#### EXERCISE DATA

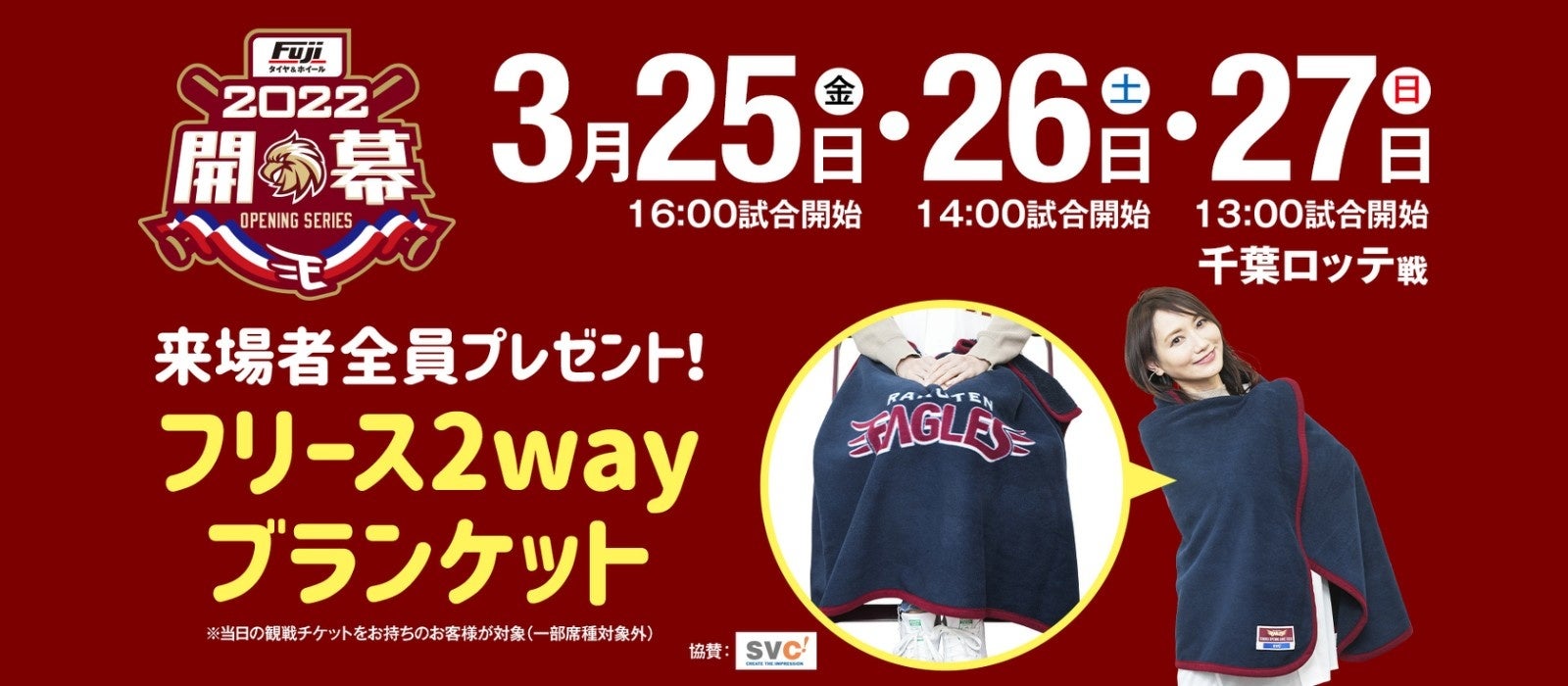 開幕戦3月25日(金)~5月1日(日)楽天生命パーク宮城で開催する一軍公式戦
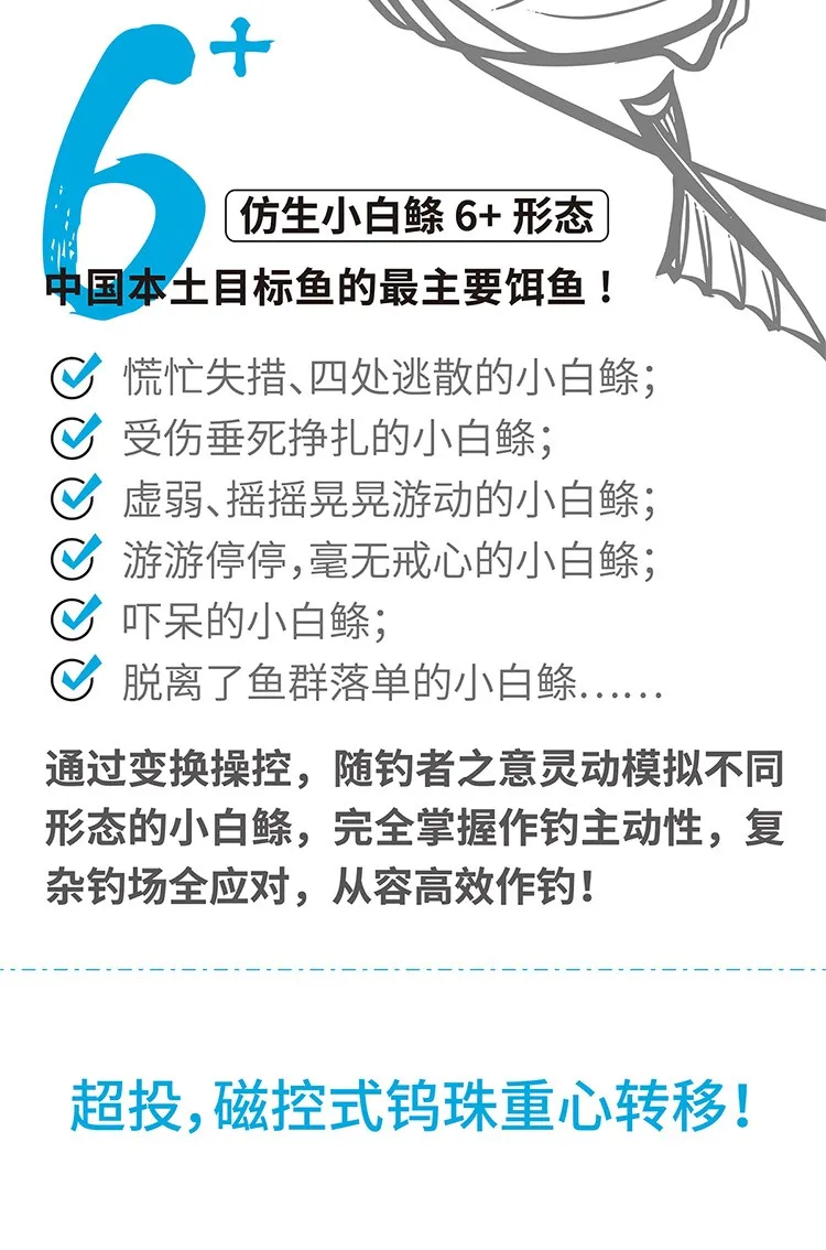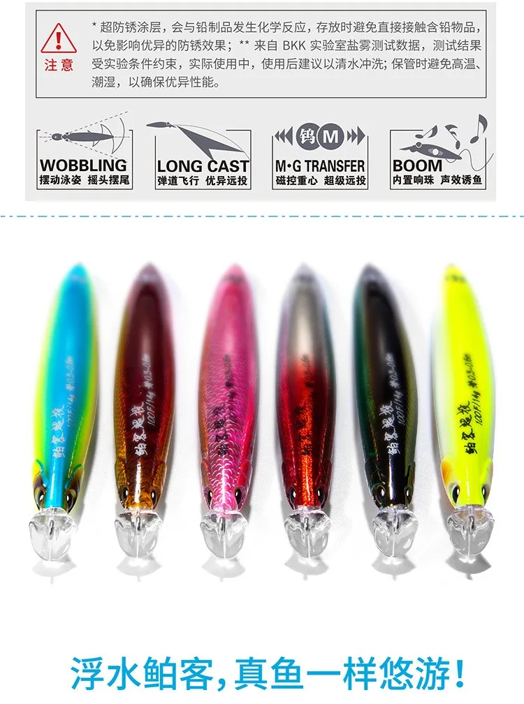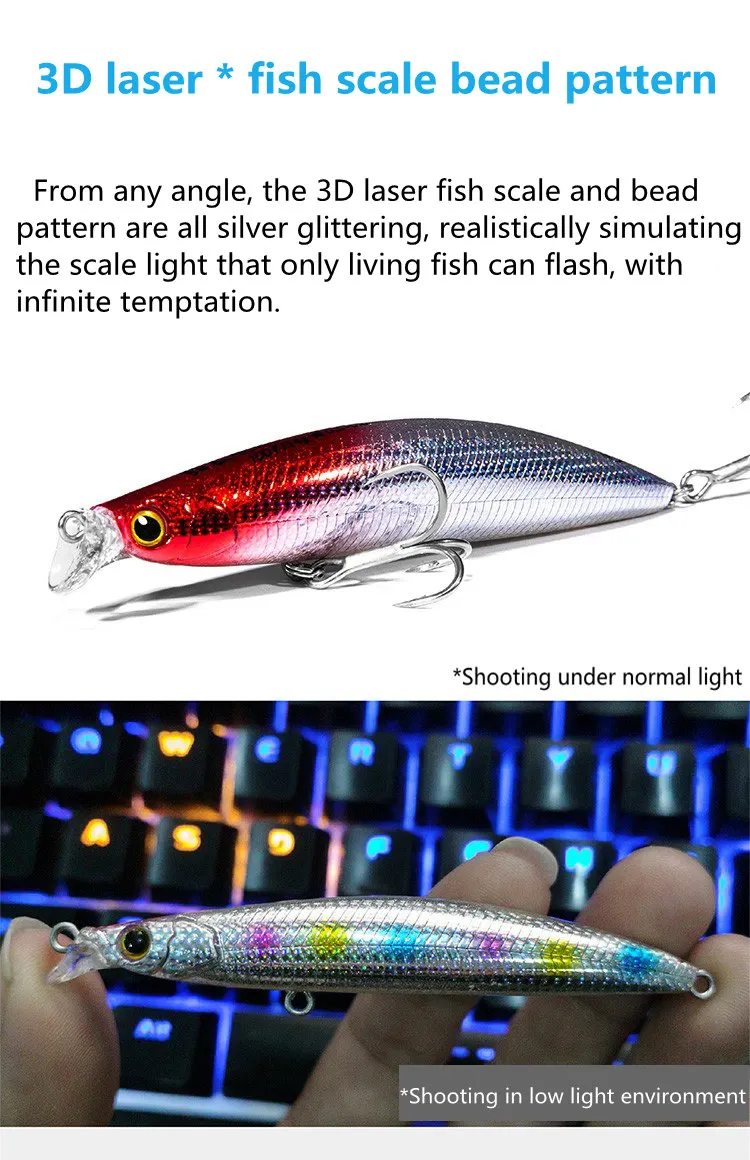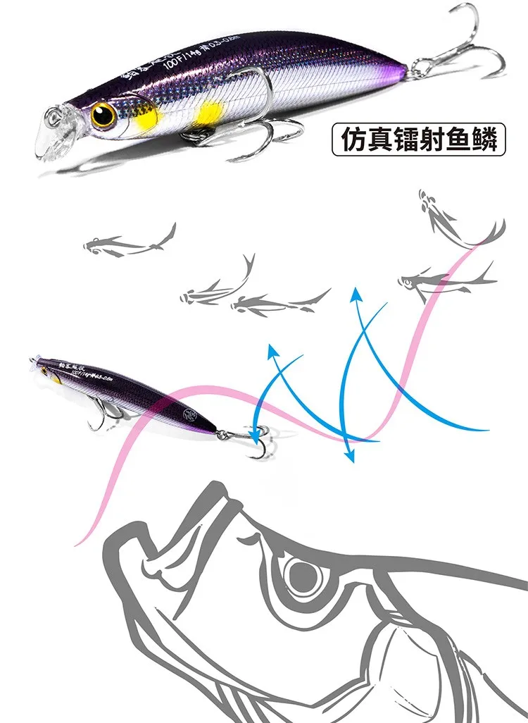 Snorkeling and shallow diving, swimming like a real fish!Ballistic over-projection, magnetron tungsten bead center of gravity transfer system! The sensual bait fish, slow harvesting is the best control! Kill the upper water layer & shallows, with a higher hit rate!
==
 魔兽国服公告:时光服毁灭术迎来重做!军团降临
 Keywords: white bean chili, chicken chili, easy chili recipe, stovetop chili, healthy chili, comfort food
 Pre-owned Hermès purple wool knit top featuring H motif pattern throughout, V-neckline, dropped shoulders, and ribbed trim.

#### PROBLEM DESCRIPTION
Starting with the line with "魔兽国服公告:时光服毁灭术迎来重做!军团降临" above and going on through the line with "Pre-owned Hermès purple", transcribe every line exactly, both ends included, and add nothing.

#### TASK OUTPUT
 魔兽国服公告:时光服毁灭术迎来重做!军团降临
 Keywords: white bean chili, chicken chili, easy chili recipe, stovetop chili, healthy chili, comfort food
 Pre-owned Hermès purple wool knit top featuring H motif pattern throughout, V-neckline, dropped shoulders, and ribbed trim.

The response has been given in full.